Mercado signed a minor league contract to return to the St. Louis Cardinals organization on November 18, 2022. He began the 2023 season with the Triple-A Memphis Redbirds, playing in 34 games and hitting .278/.361/.421 with two home runs, 12 RBIs, and 15 stolen bases. On May 17, the Cardinals selected Mercado to the active roster. In 20 games for St. Louis, Mercado batted .290/.313/.387 with no home runs, five RBI, and two stolen bases. On July 3, Mercado was designated for assignment by the Cardinals. He cleared waivers and elected free agency in lieu of an outright assignment on July 5.

===San Diego Padres===
On July 7, 2023, Mercado signed a minor league contract with the San Diego Padres organization. In 31 games for the Triple–A El Paso Chihuahuas, he batted .339/.399/.669 with 10 home runs, 37 RBI, and 10 stolen bases. On August 22, Mercado opted out of his deal and became a free agent.

===Los Angeles Dodgers===
On August 26, 2023, Mercado signed a minor league contract with the Los Angeles Dodgers organization. In 15 games for the Oklahoma City Dodgers, he batted .259 with two homers and 35 RBI. Mercado elected free agency following the season on November 6.

===San Diego Padres (second stint)===
On December 28, 2023, Mercado signed a minor league contract with the San Diego Padres. In 78 games for the Triple–A El Paso Chihuahuas, he batted .226/.307/.425 with 11 home runs, 42 RBI, and 12 stolen bases. On August 1, 2024, Mercado opted out of his contract and became a free agent.

=== Detroit Tigers ===
On August 23, 2024, Mercado signed a minor league contract with the Detroit Tigers and was assigned to the Triple–A Toledo Mud Hens.

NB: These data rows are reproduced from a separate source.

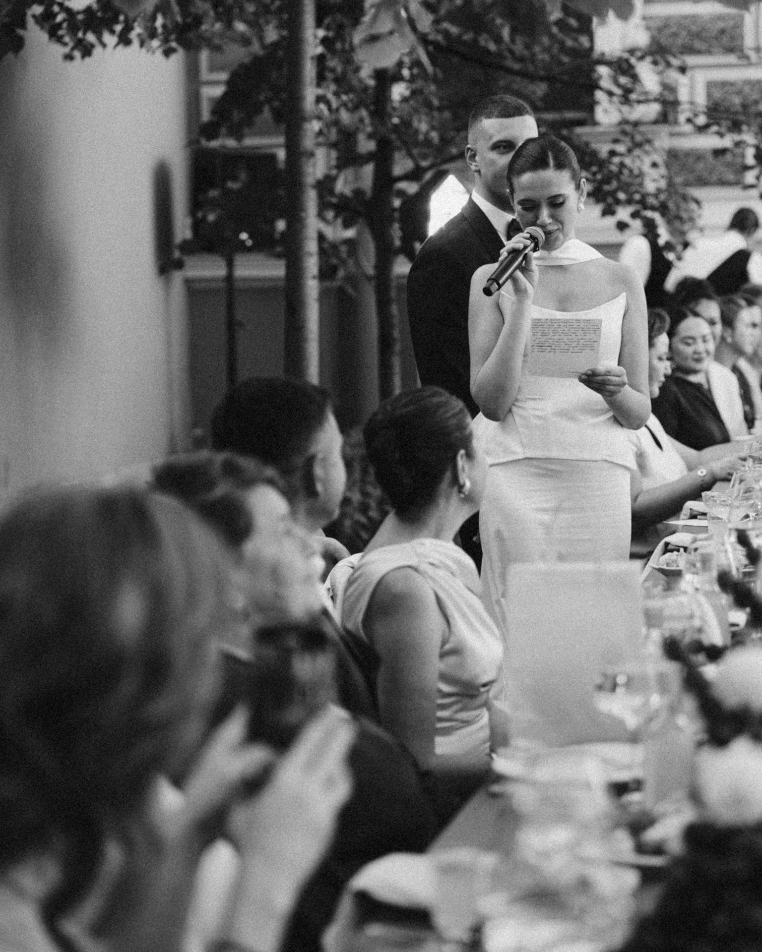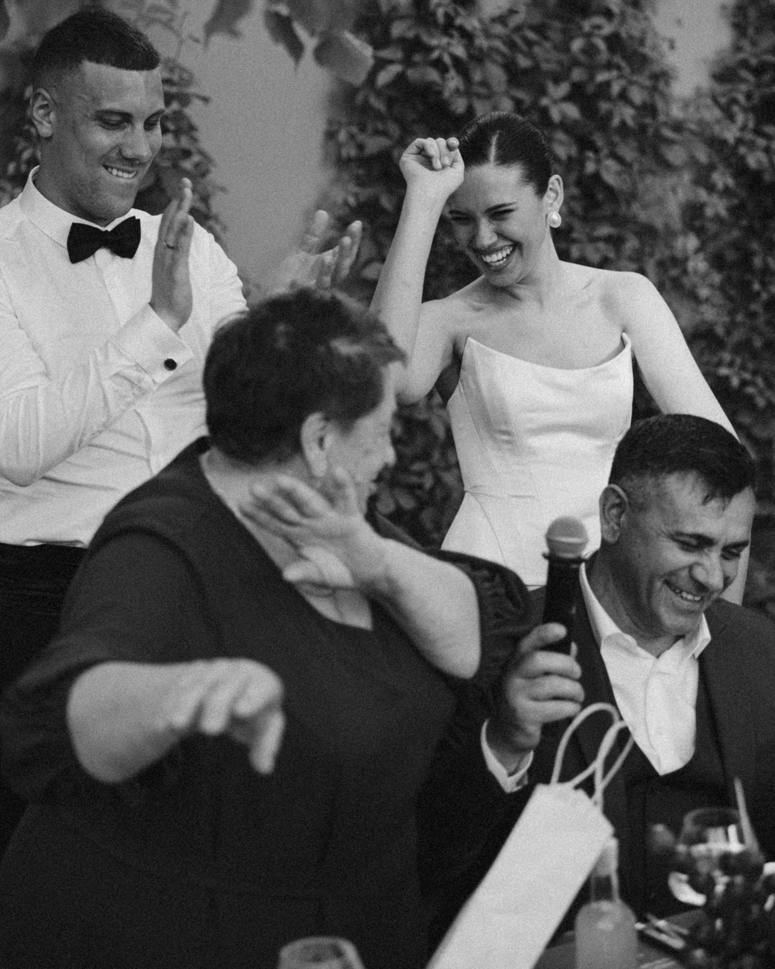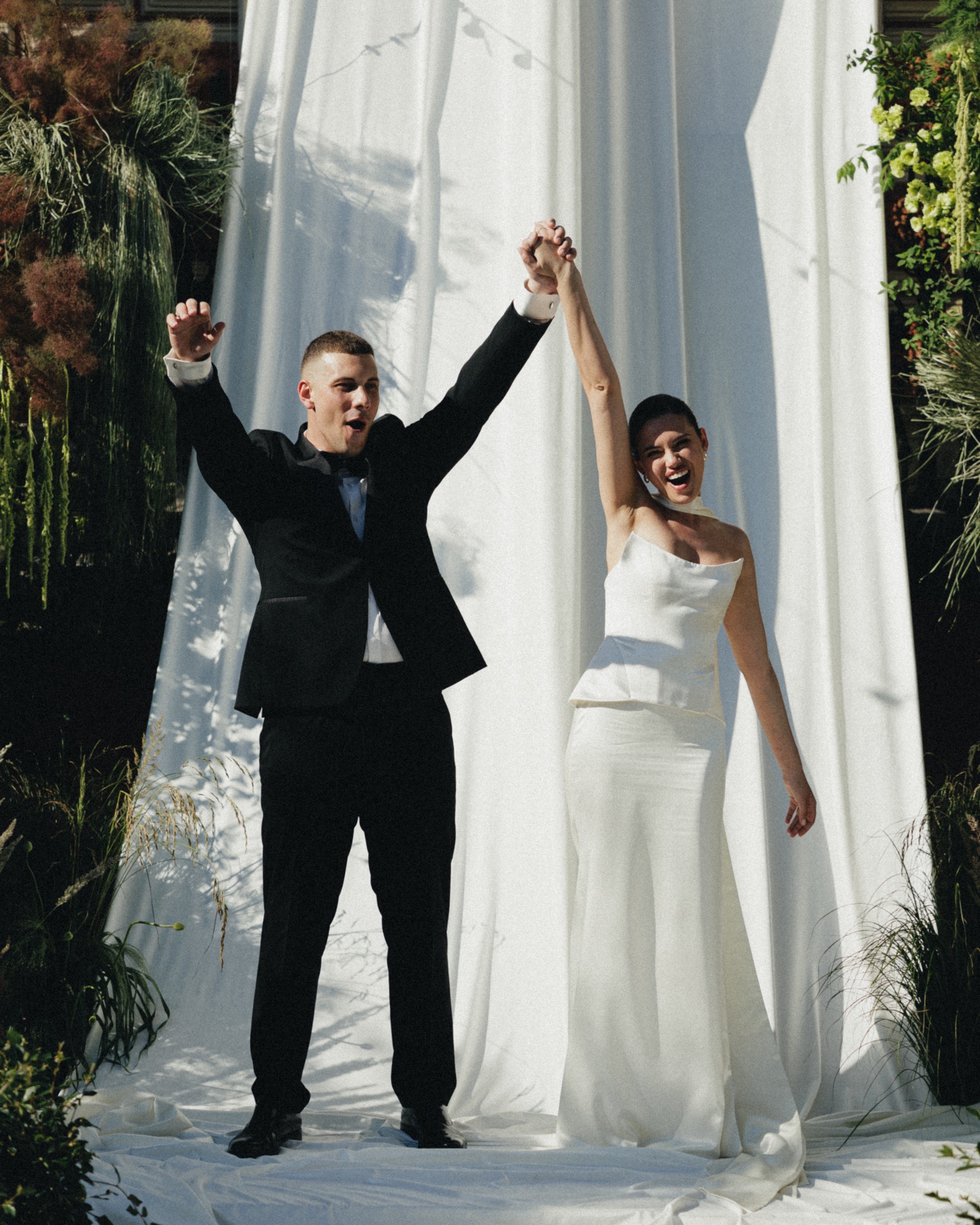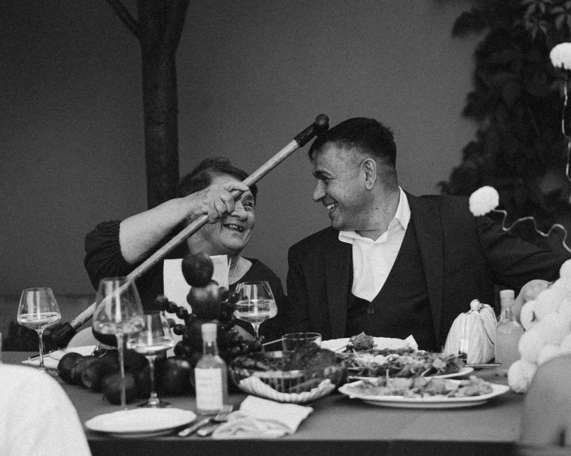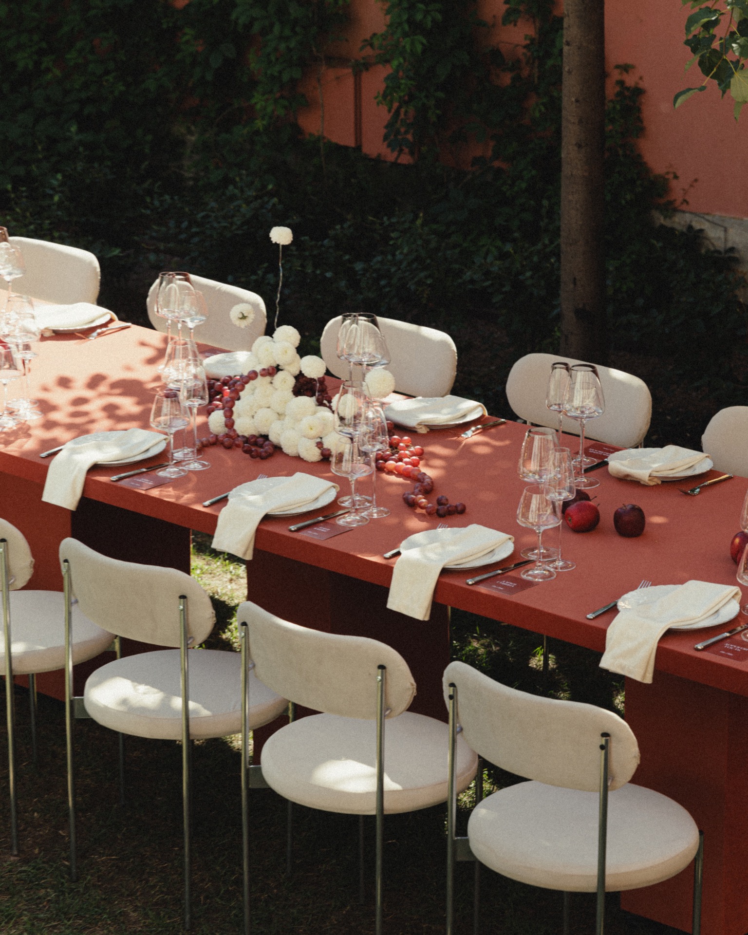 Наша свадьба получилась невероятно эстетичной, именно об этом мы мечтали. Мы решили отказаться от первого танца и вместо него вместе исполнили песню Анны Герман «Мы эхо». Вторая половина вечера была по-настоящему зажигательной: мы сняли обувь и танцевали прямо в фонтане с яблоками, весело плескаясь в воде.
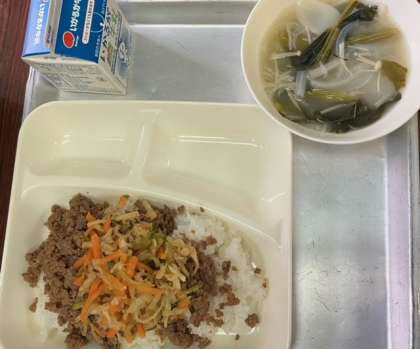 今日の給食の献立は、ビビンバ、トック、牛乳です。
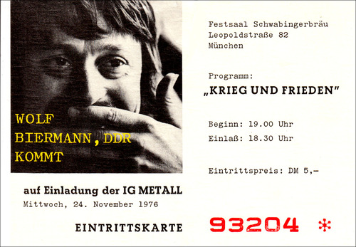 Auf Einladung der IG Metall tritt Biermann am 24. November im Schwabingerbräu an der Leo-
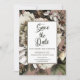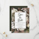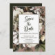 An ethereal boho floral bouquet in shades of winter white and dusty pink with seasonal evergreen greenery is underlaid over a dusty pink background inviting your guests to "Save the Date" for what is sure to be a memorable rustic wedding occasion. The back features a dark evergreen background. Text colour is dark evergreen. Simply add your names and wedding details to complete. "Save the Date" text can only be edited by designer, but remaining text is editable. Composite design by Holiday Hearts Designs (rights reserved).
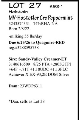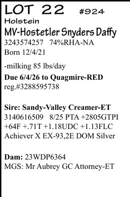 Hostetler Dairy Dispersal and Kish Monthly Dairy Sale
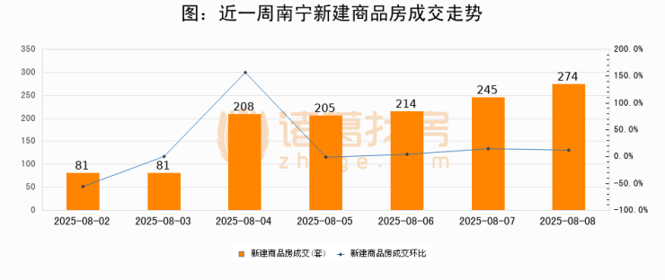 【南宁成交日报】08月08日新房成交274套、二手房182套;涨价房源41套

In 15 games for Toledo, he batted .200/.315/.289 with one home run, eight RBI, and four stolen bases. Mercado elected free agency following the season on November 4.

===Philadelphia Phillies (second stint)===
On February 14, 2025, Mercado signed a minor league contract with the Philadelphia Phillies. In 92 appearances for the Triple-A Lehigh Valley IronPigs, he batted .252/.373/.385 with nine home runs, 54 RBI, and 35 stolen bases. On August 3, Mercado was released by the Phillies organization. Mercado re-signed with Philadelphia on a new minor league contract on August 13. He elected free agency following the season on November 6.

On February 14, 2026, Mercado signed a minor league contract with the Arizona Diamondbacks. He was released by the Diamondbacks on March 23. The following day, Mercado returned to the Phillies organization on a minor league contract. He made 24 appearances for Triple-A Lehigh Valley, slashing .141/.262/.183 with one home run, six RBI, and three stolen bases. On May 10, Mercado was released by Philadelphia.

===Caliente de Durango===
On May 25, 2026, Mercado signed with the Caliente de Durango of the Mexican League. In 15 appearances for Durango, Mercado batted .277/.469/.426 with two home runs and two RBI.

===Sultanes de Monterrey===
On June 13, 2026, Mercado was traded to the Sultanes de Monterrey of the Mexican League. In three appearances for the Sultanes, he went 0-for-11 at the plate with two strikeouts. On June 24, Mercado was waived by Monterrey.

===El Águila de Veracruz===
On July 1, 2026, Mercado signed with El Águila de Veracruz of the Mexican League. In four games, he went 1-for-9 at the plate with two walks and two strikeouts. On July 10, Mercado was released by Veracruz.

==International career==
Mercado represents the Colombian national team in international competition. At the 2017 World Baseball Classic, the 22-year old Mercado went hitless in his sole at-bat, but nevertheless scored a run as a pinch runner in a 4-1 victory over Canada. At the 2023 World Baseball Classic, Mercado hit .308/.400/.385, with a double and two walks.

==Personal life==
Mercado became an American citizen in 2018.